Dataset records:

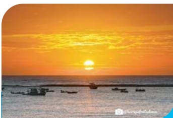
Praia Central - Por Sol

--

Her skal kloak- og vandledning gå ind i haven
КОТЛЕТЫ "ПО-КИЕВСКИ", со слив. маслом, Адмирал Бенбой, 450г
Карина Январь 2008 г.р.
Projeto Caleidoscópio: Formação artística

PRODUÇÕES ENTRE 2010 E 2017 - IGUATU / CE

Task to complete: Taking the entries above, print exactly the lines starting at the line with "Карина Январь 2008 г.р." and ending at the line with "PRODUÇÕES ENTRE 2010 E 2017 - IGUATU / CE", both included.

The answer:
Карина Январь 2008 г.р.
Projeto Caleidoscópio: Formação artística

PRODUÇÕES ENTRE 2010 E 2017 - IGUATU / CE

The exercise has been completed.